Abstracts

Option pricing and smile asymptotics in a multiscaling stochastic volatility model
Jacopo Corbetta (Università degli studi - Milano Bicocca, Italy)
Joint work with Francesco Caravenna

Wednesday June 4, 11:00-11:30 | session P3 | Poster session | room lobby

We consider a stochastic process for the log-price of a financial asset, recently introduced in [Andreoli et al., Adv. in Appl. Probab. 44 (2012), 1018-1051], which can be defined equivalently as a time-changed Brownian motion or as a stochastic volatility model. This process depends on 3 real parameters $(V, \lambda, D)$ with a precise economical meaning: $V$ is proportional to the average spot volatility, $\lambda$ is the intensity of a Poisson process which models shock times in the market, and $D$ describes the non-linear response of the market to shocks (after each shock time, the volatility increases as $t^{2D} >> t$).

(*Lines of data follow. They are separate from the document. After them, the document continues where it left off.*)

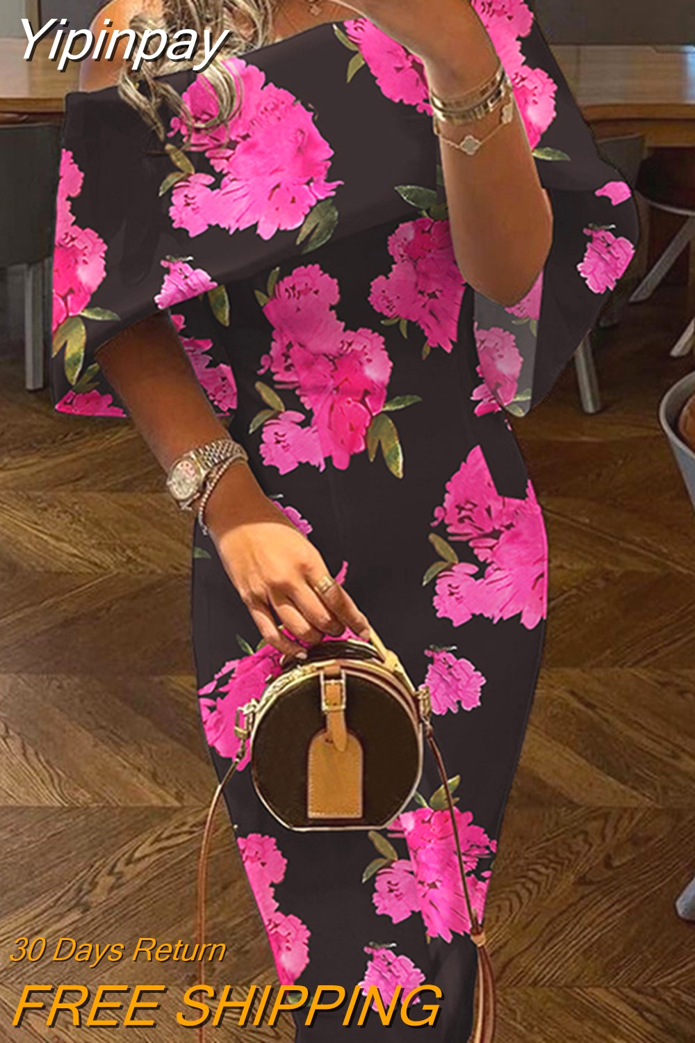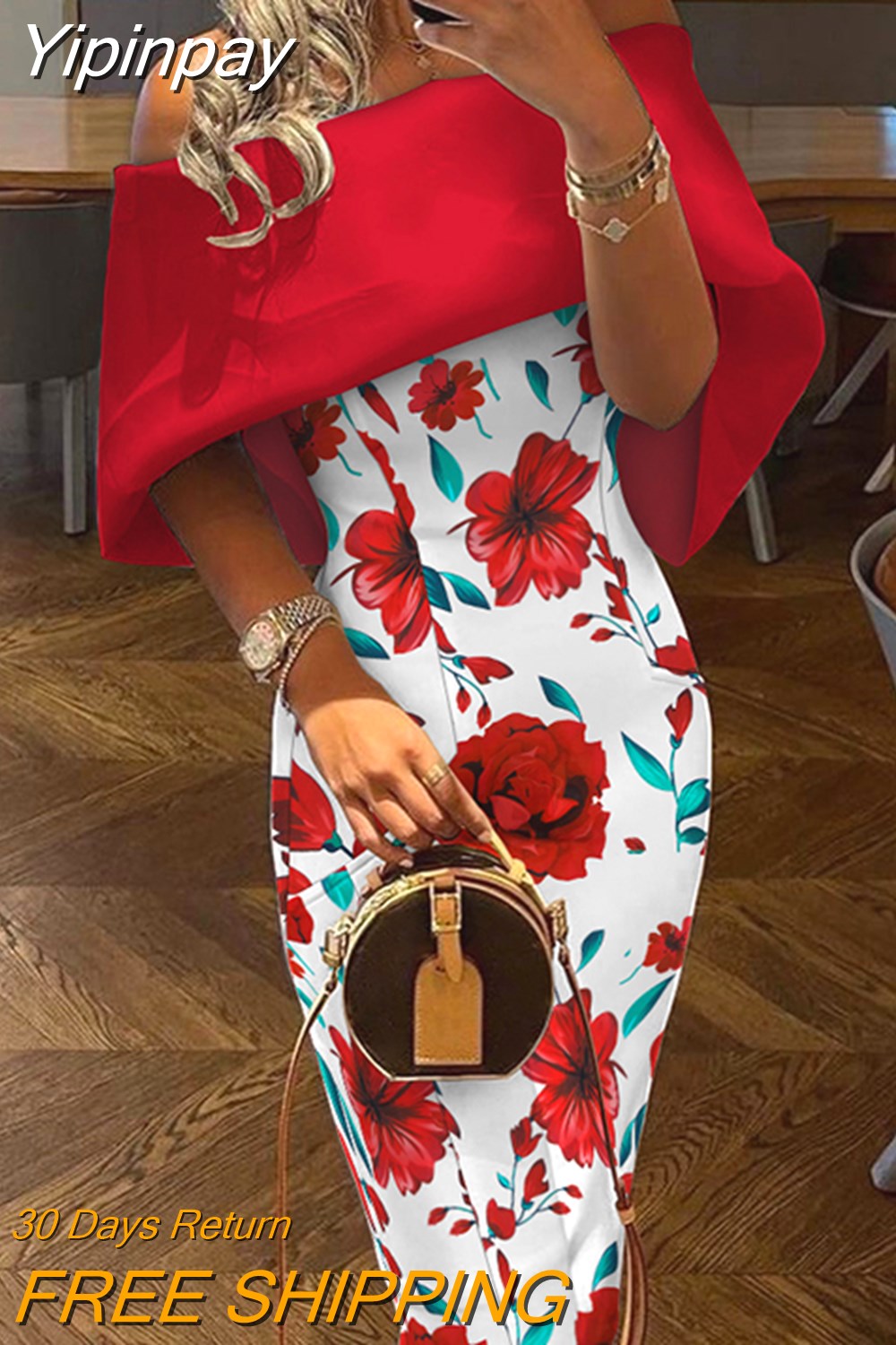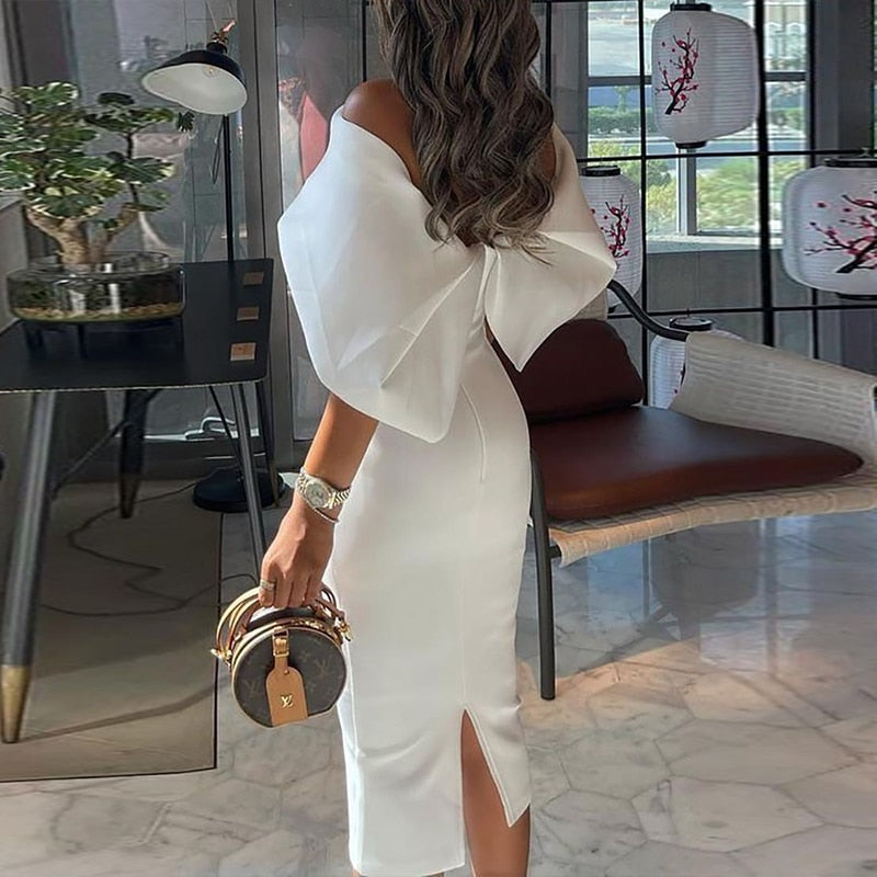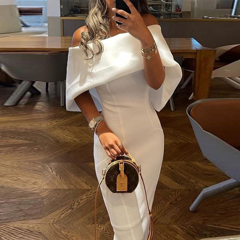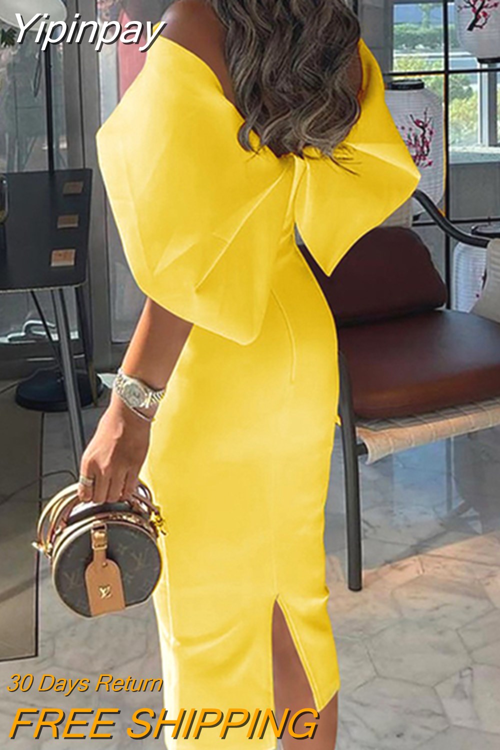 Yipinpay Women's Casual Solid Color Long Dress Elegant Off Shoulder Cape Design Skinny Party Dress Autumn Fashion Back Bow Dress Vestido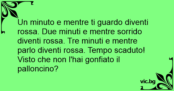 Un minuto e mentre ti guardo diventi rossa. Due minuti e mentre sorrido diventi rossa. Tre minuti e mentre parlo diventi rossa. Tempo scaduto! Visto che non l'hai gonfiato il palloncino?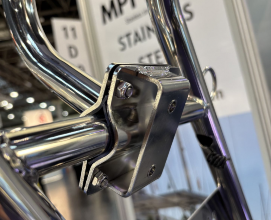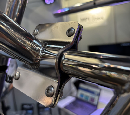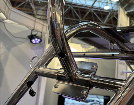 La fijación se basa en un sistema de abrazaderas que sujeta el tubo sin necesidad de perforar la estructura existente. Esto limita la necesidad de modificaciones permanentes a bordo y facilita la instalación en una embarcación ya equipada.

Despite the few parameters, this model was shown to capture in a quantitative fashion some relevant stylized facts of financial series, such as the change in the log-return distribution from power-law tails (small time) to Gaussian (large time), the slow decay in the volatility autocorrelation, and the so-called multiscaling of moments. Here we continue the analysis of this model, with a focus on option pricing.

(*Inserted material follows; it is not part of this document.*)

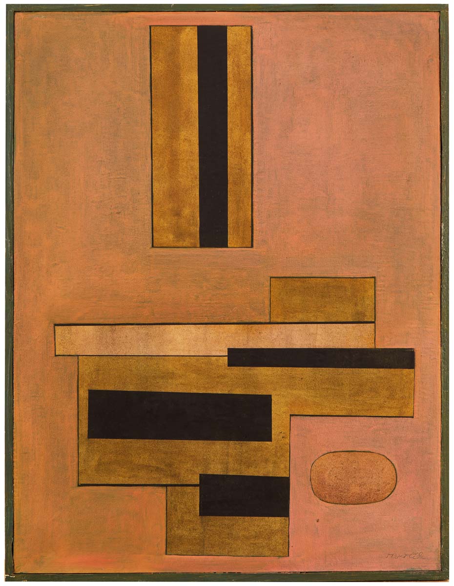 Ryze abstraktní tvorba vznikající od konce čtyřicátých let vyniká různorodou tvarovostí elementů umístěných většinou na jednobarevná pozadí, v kompozicích, v nichž hrají velkou roli principy skladebnosti. Část prvků je geometrická, pozdější tvorba obsahuje biomorfní a organické tvary. Zdá se, že vývoj směřoval od geometrismu k organičtějšímu tvarosloví. Řada kompozic vykazuje promyšlené koloristické řešení, část prací se pokouší o monochromní postupy. Malby jsou prováděny olejovými nebo temperovými barvami, nechybí ani zásahy tuší.
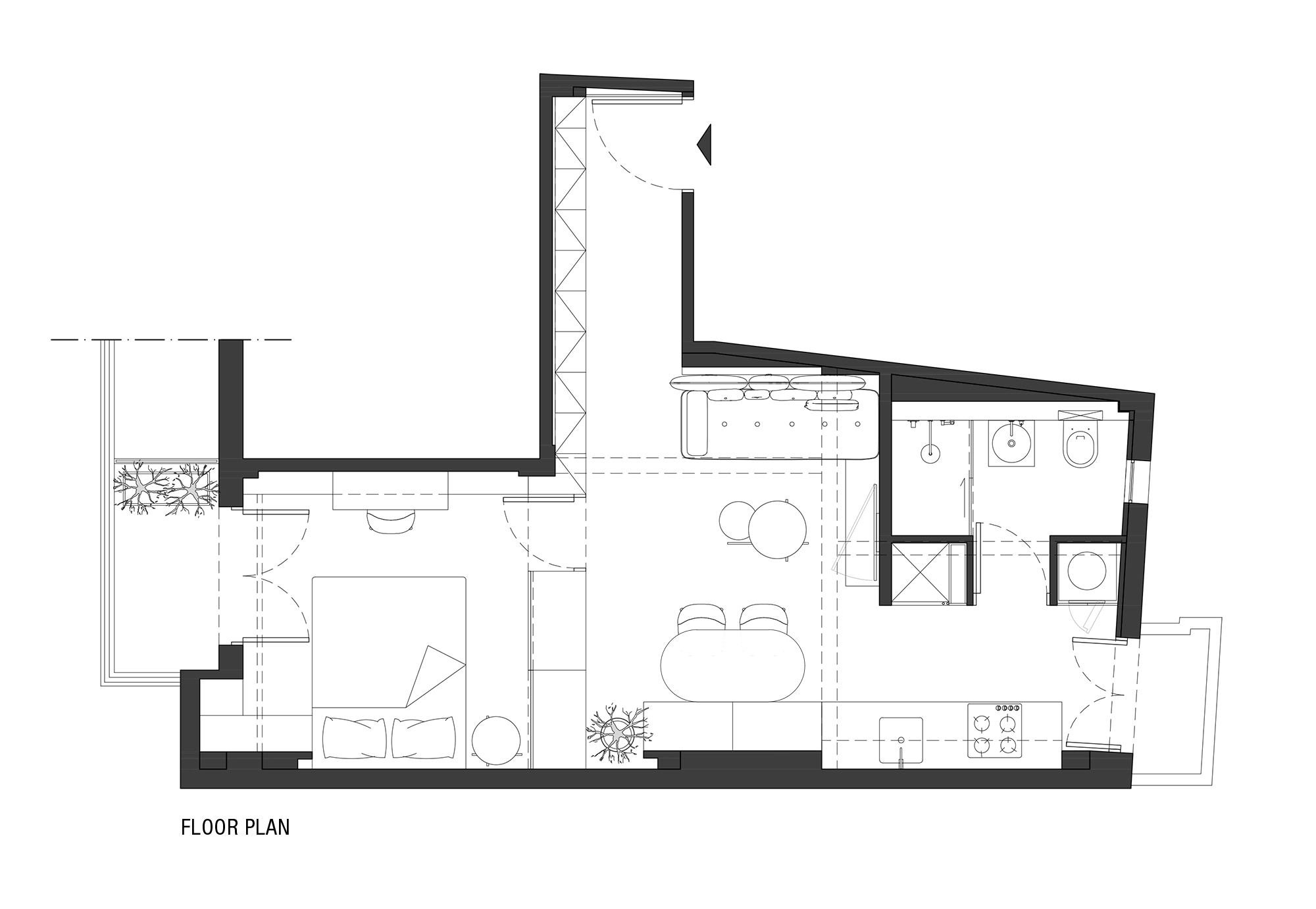 Interior walls were removed to allow daylight to penetrate from both sides, and the bedroom-living room partition was replaced with a semi-transparent closet that doubles as storage and defines circulation. The open kitchen extends into a dining bench, while recesses along walls accommodate appliances without disrupting the flow.

Our main theoretical result is a large deviations principle for the log-price in the small-time regime, with explicit (and non-trivial) rate and rate functions, based on a related large deviations principle for suitable functionals of a point process, which is of independent interest. This yields asymptotic formulas for the price of European options and the related implied volatility. In particular, despite the price having continuous paths, as the maturity $t$ vanishes the implied volatility of out-of-the-money options explodes as $C [ |x| / (t \sqrt{log(1/t)}) ]^{a}$, where $x$ is the log-moneyness and $C \in (0,\infty)$, $a \in (0,1)$ are constants that are functions of the model parameters.
We also enrich the model introducing jumps in the log-price, using the same Poisson process that drives the evolution of the volatility. This accounts for the so-called leverage effect and produces a skew in the log-return distribution. A Hull-White formula for the price of European options holds also in this correlated framework, averaging the usual Black-Scholes formula with a random volatility and a random initial price. This yields a fast Monte Carlo evaluation of option prices and allows for a numerical calibration of the model on real data, which shows a good agreement.